Green

by maximumsuckage



Category: Original Work
Genre: Gen, Siblings, Urban Fantasy, Witches
Language: English
Status: Completed
Published: 2018-05-10
Updated: 2018-05-14
Packaged: 2019-05-04 17:33:52
Rating: Not Rated
Warnings: No Archive Warnings Apply
Chapters: 2
Words: 3,465
Publisher: archiveofourown.org
Story URL: https://archiveofourown.org/works/14598144
Author URL: https://archiveofourown.org/users/maximumsuckage/pseuds/maximumsuckage
Summary: A girl goes to a witch for help in finding her brother.





	1. Chapter 1

The address was scrawled onto the back of an old gas station receipt. The paper was worn to softness, creased a thousand and one times, but the address was still clear enough to make out and type into a GPS.  And that was exactly what Alex Ward had done, though now, as she pulled up to the curb, she was starting to wonder if this was the wisest decision.
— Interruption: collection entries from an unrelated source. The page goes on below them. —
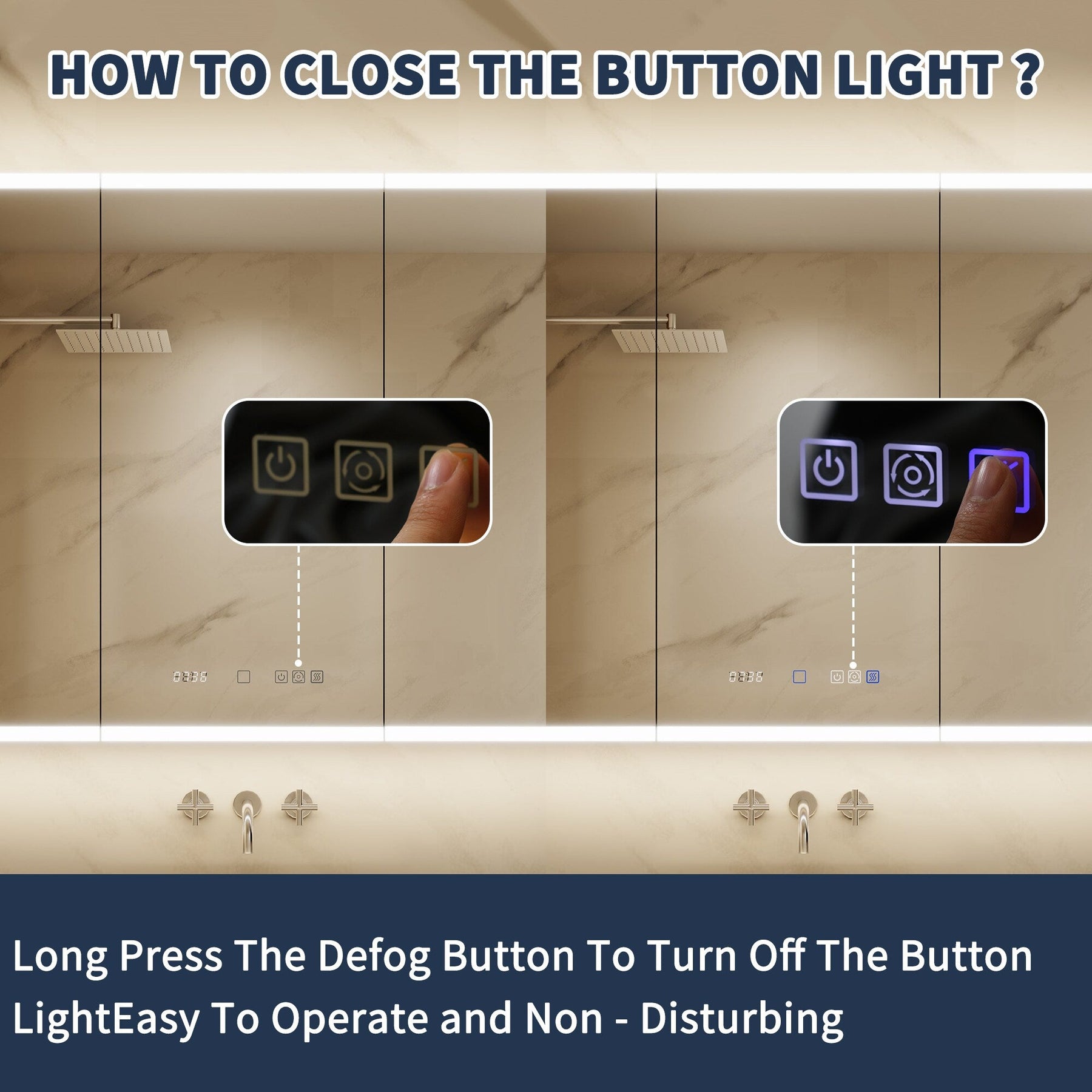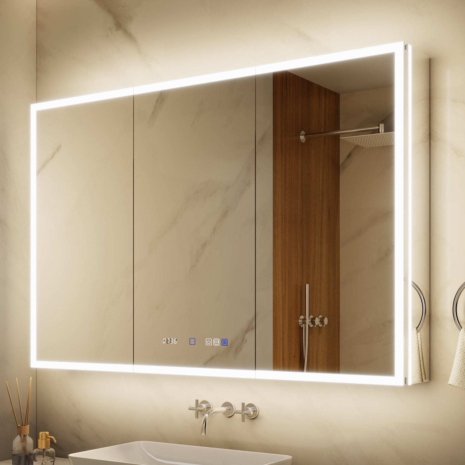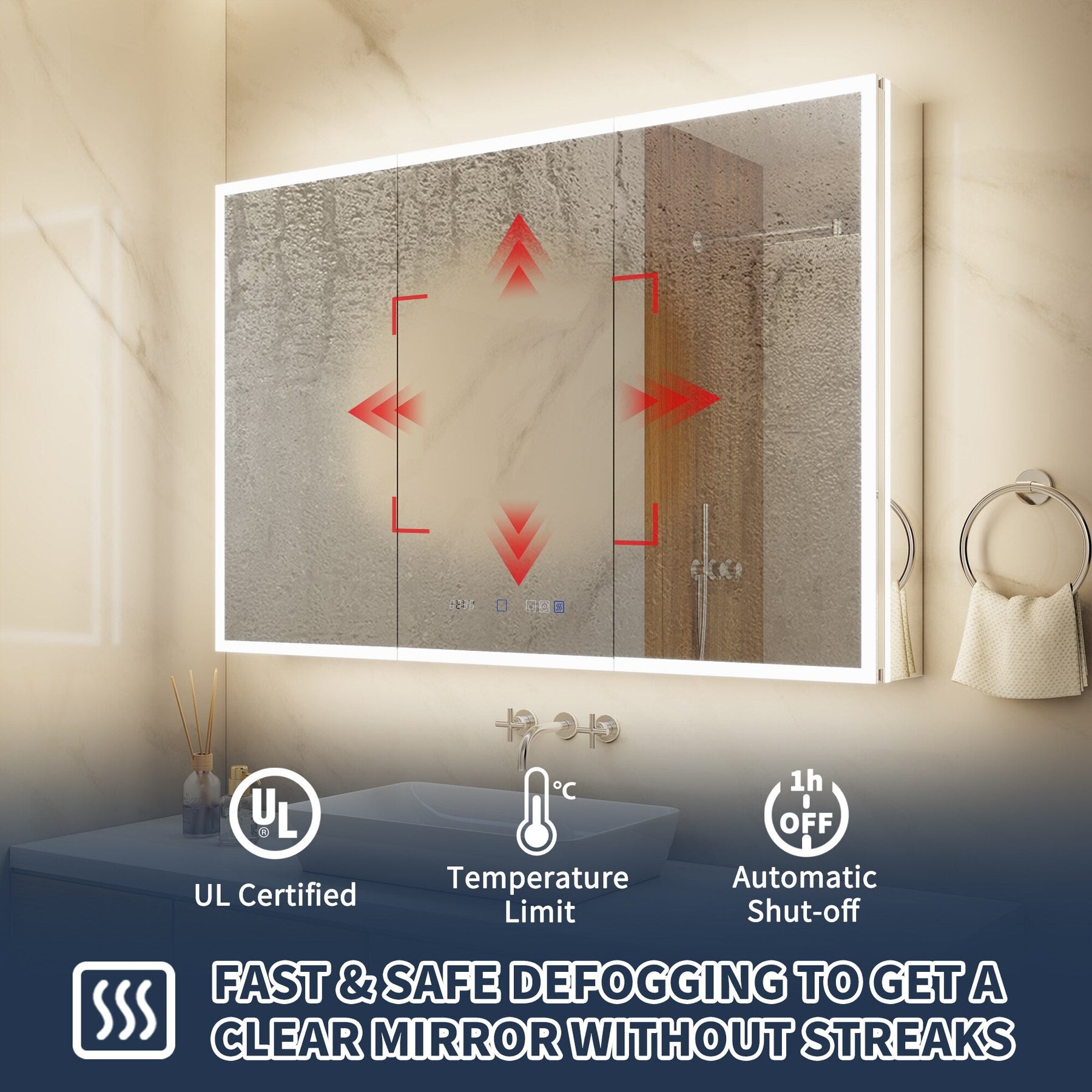 A: The cabinet includes an anti-fog function that activates with the light, preventing condensation buildup on the mirror surface after a hot shower.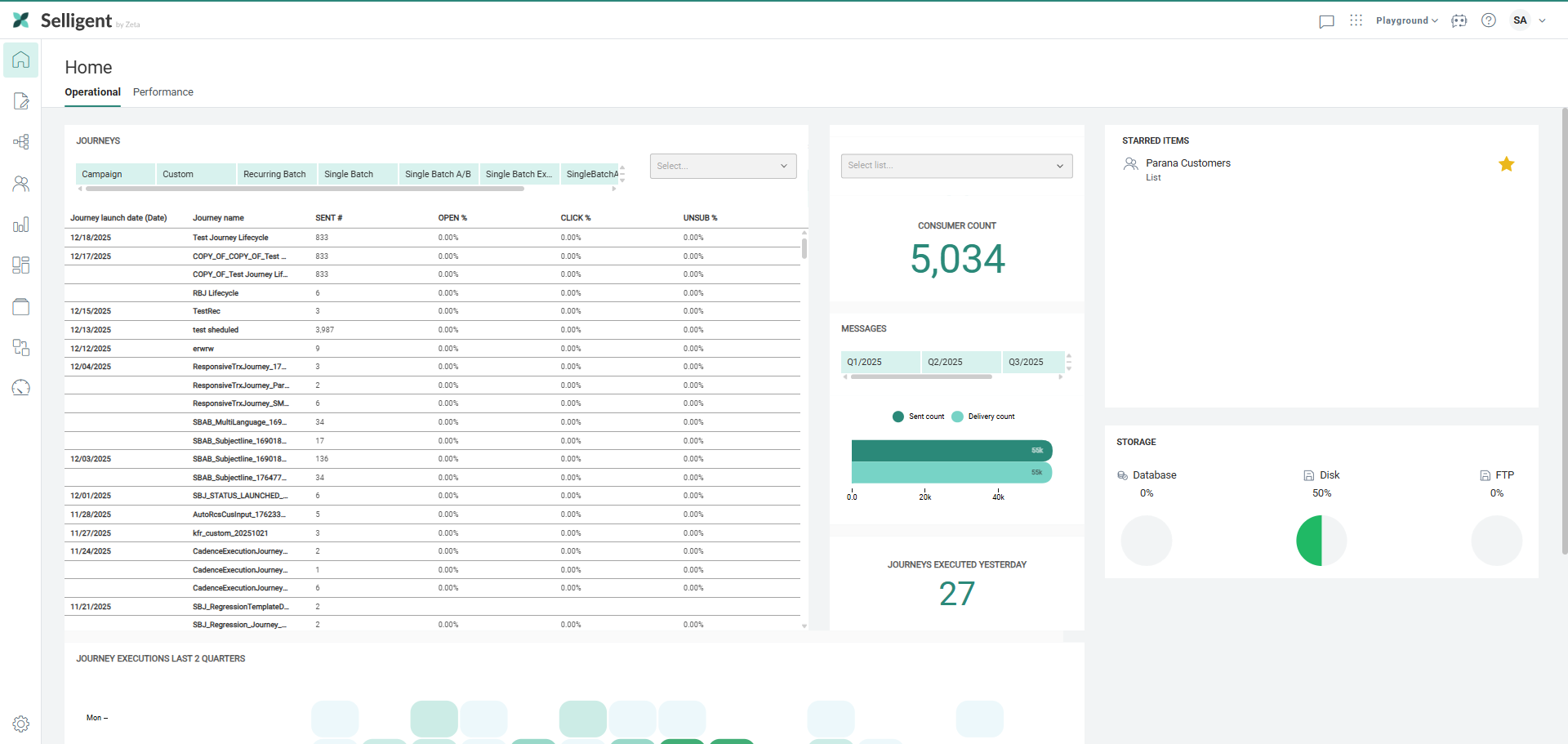 Home — The Home dashboard is accessible from the left navigation, providing marketers with valuable information on how their campaigns are doing and insights on messages, contacts, journeys (Operational tab).
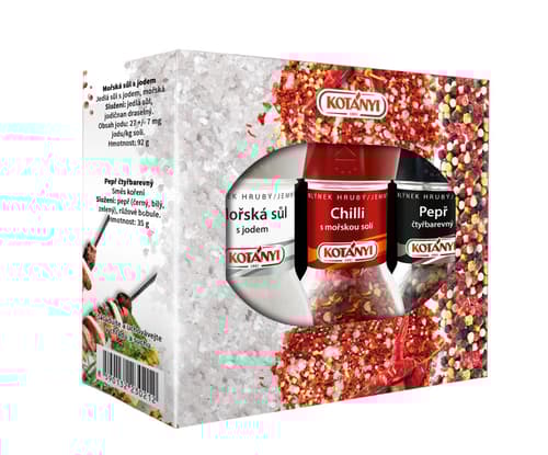 Balení obsahuje mlýnek čtyřbarevného pepře, mořské soli a chilli.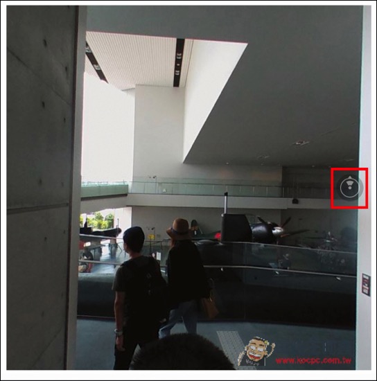 照片打開後,即可利用滑鼠拖曳畫面來觀賞 360 度,而右下角的陀螺儀視角也會跟著改變。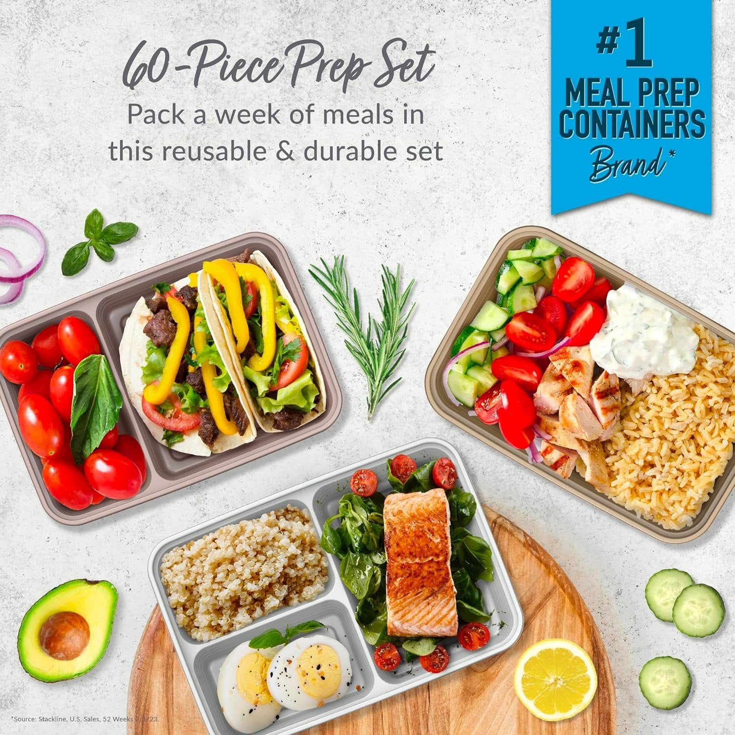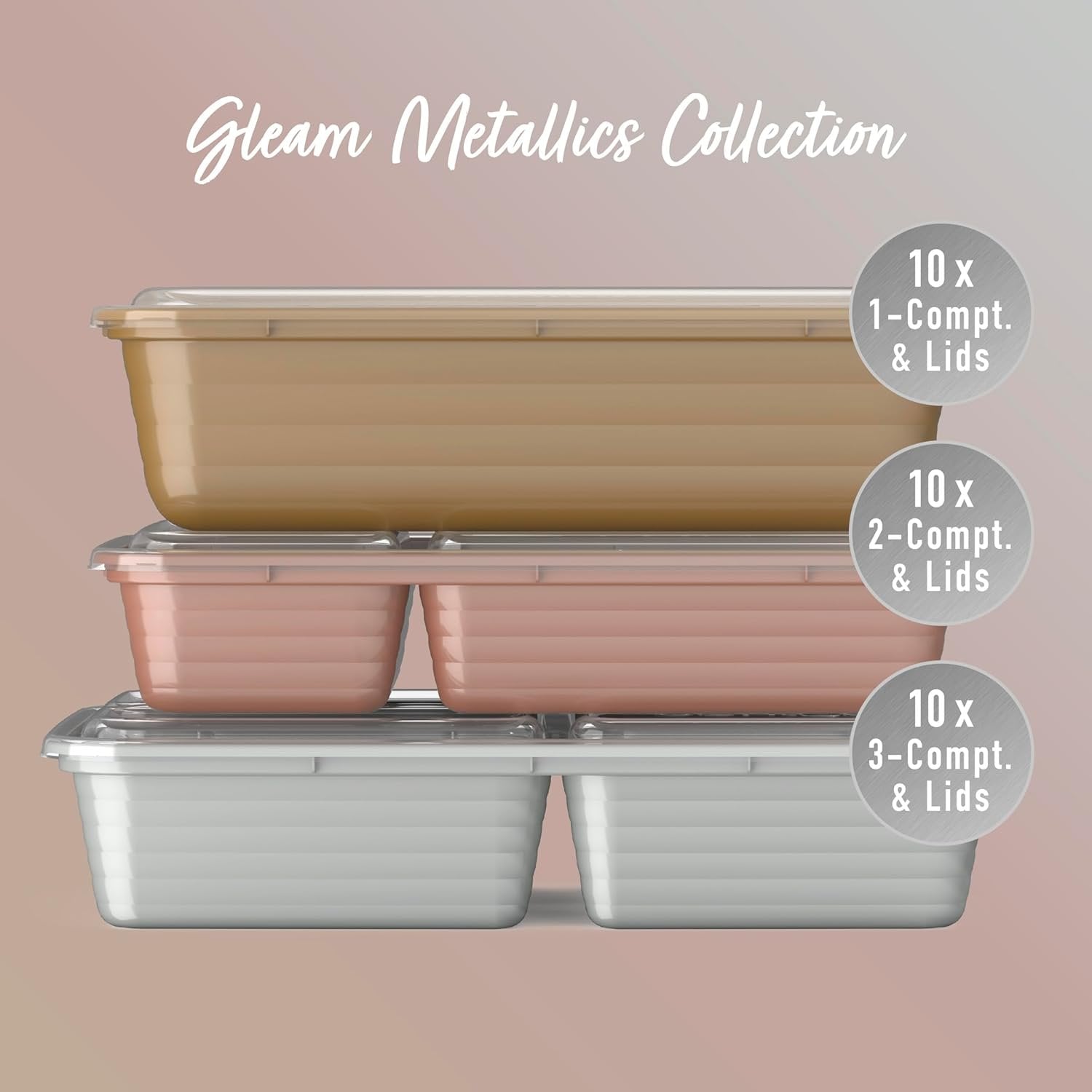 Everyone’s Favorite Meal Prep Set: Get everything you need for meal prepping in one convenient set! This durable and reusable 60-piece meal prep mix comes with 10 one-compartment trays, 10 two-compartment trays, and 10 three-compartment trays—all with their own fitted lids. Make breakfast, lunch, and dinner for the entire week or for multiple members of your family with this complete set. Portion Controlled Design: No need to measure your portions—volume is already embossed on the tray. The custom-fit lids keep food fresh all day long and stack together neatly to save you space in your pantry. Easy To Heat & Clean: Safely heat up your food straight from the freezer or refrigerator for warm, delicious meals and leftovers. Each BPA-free meal prep container is both microwave and top-shelf dishwasher safe. Note: before microwaving, open the lid corner to allow steam to vent. For best results, hand wash to extend the life of the product. What You Get: 10 one-compartment trays, 10 two-compartment trays, 10 three-compartment trays, 30 custom-fit lids, downloadable recipes, and caring customer support.

The house was low and squat, slowly condensing in on itself like an elderly spine.  Vines curled up the walls, twisted across the roof, tangled on the chain-link fence that surrounded the overgrown lawn.  A cat was sleeping on the sagging porch, a raggedy animal of calico fur.  Windows were curtained, and the cracks between the fabric were dark.  Broken appliances and abandoned cars littered the front lawn, each tangled with plants.  A couple of sparrows were nesting in an old tire. 

When Alex stepped out of the car, it was into a smell of mustiness and green plant-life.  One of the birds made a loud warning shriek at her, but she had no desire to steal their chicks, so she ignored it and stepped over to the gate, reaching out. 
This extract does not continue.